> Exercise instructions:
Leaving out the pictures, write out exactly each line from the line with "営業時間10~18時(火水は定休日) 電話 070-9152-8880" through the close of the listing below.

*** Opening Collected material ***

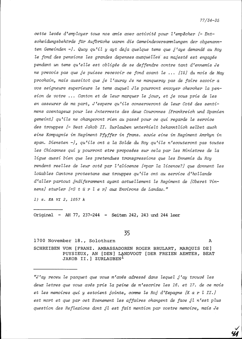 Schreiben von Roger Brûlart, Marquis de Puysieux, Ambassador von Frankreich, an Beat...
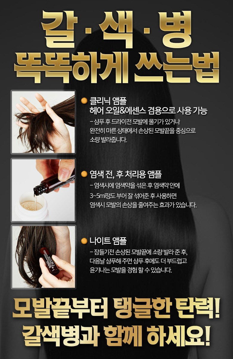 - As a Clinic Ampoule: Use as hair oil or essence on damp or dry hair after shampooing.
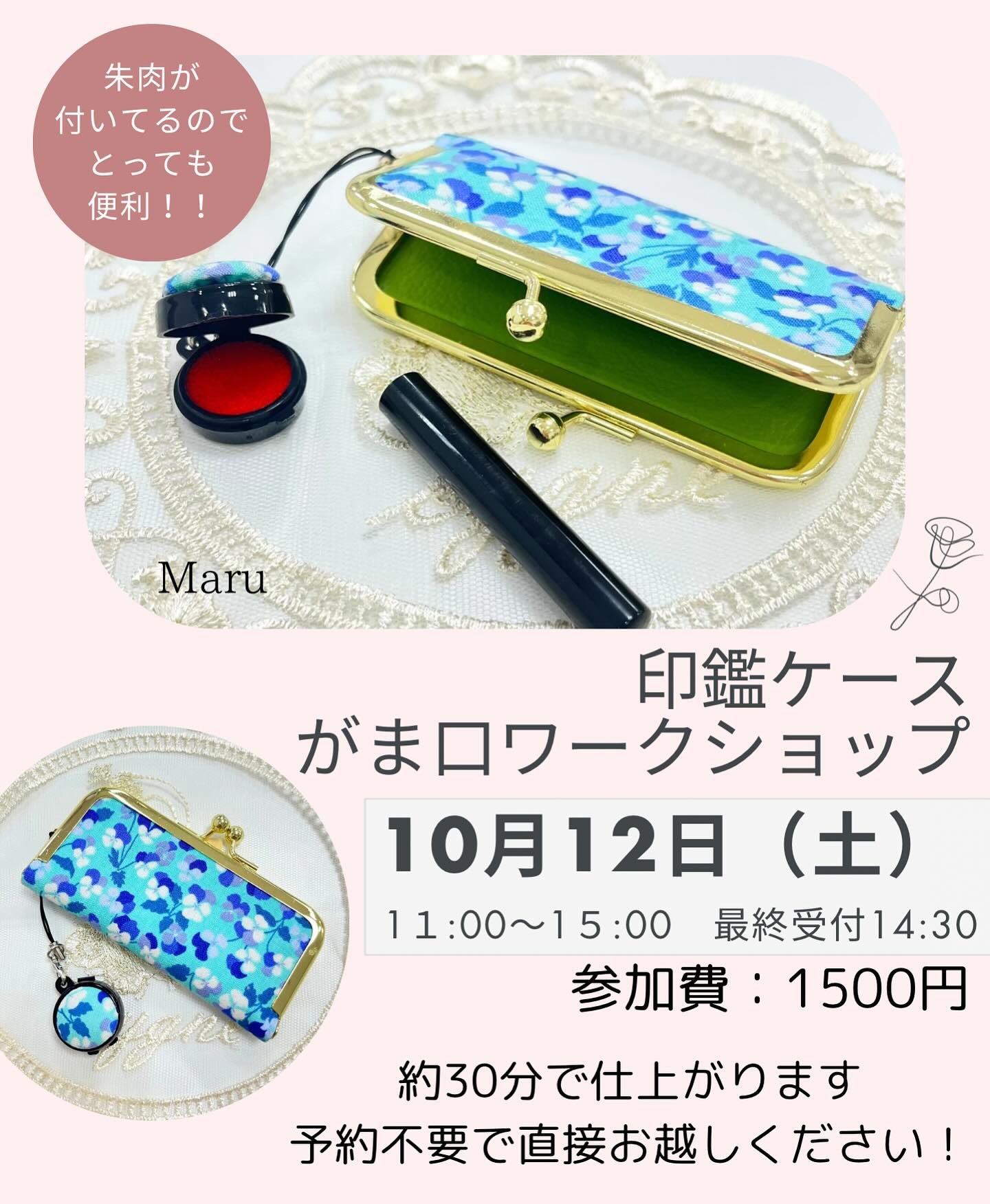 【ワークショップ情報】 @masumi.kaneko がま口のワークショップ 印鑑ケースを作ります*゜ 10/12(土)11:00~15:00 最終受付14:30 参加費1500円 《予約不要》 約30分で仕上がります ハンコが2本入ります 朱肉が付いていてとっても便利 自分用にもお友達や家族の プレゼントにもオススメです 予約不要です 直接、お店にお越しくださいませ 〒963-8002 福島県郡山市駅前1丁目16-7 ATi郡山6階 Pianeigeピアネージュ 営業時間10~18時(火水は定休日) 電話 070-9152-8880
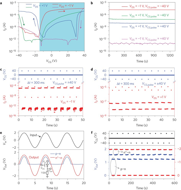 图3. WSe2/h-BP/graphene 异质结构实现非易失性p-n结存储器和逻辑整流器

*** Closing Collected material ***

> Finished exercise:
 【ワークショップ情報】 @masumi.kaneko がま口のワークショップ 印鑑ケースを作ります*゜ 10/12(土)11:00~15:00 最終受付14:30 参加費1500円 《予約不要》 約30分で仕上がります ハンコが2本入ります 朱肉が付いていてとっても便利 自分用にもお友達や家族の プレゼントにもオススメです 予約不要です 直接、お店にお越しくださいませ 〒963-8002 福島県郡山市駅前1丁目16-7 ATi郡山6階 Pianeigeピアネージュ 営業時間10~18時(火水は定休日) 電話 070-9152-8880
 图3. WSe2/h-BP/graphene 异质结构实现非易失性p-n结存储器和逻辑整流器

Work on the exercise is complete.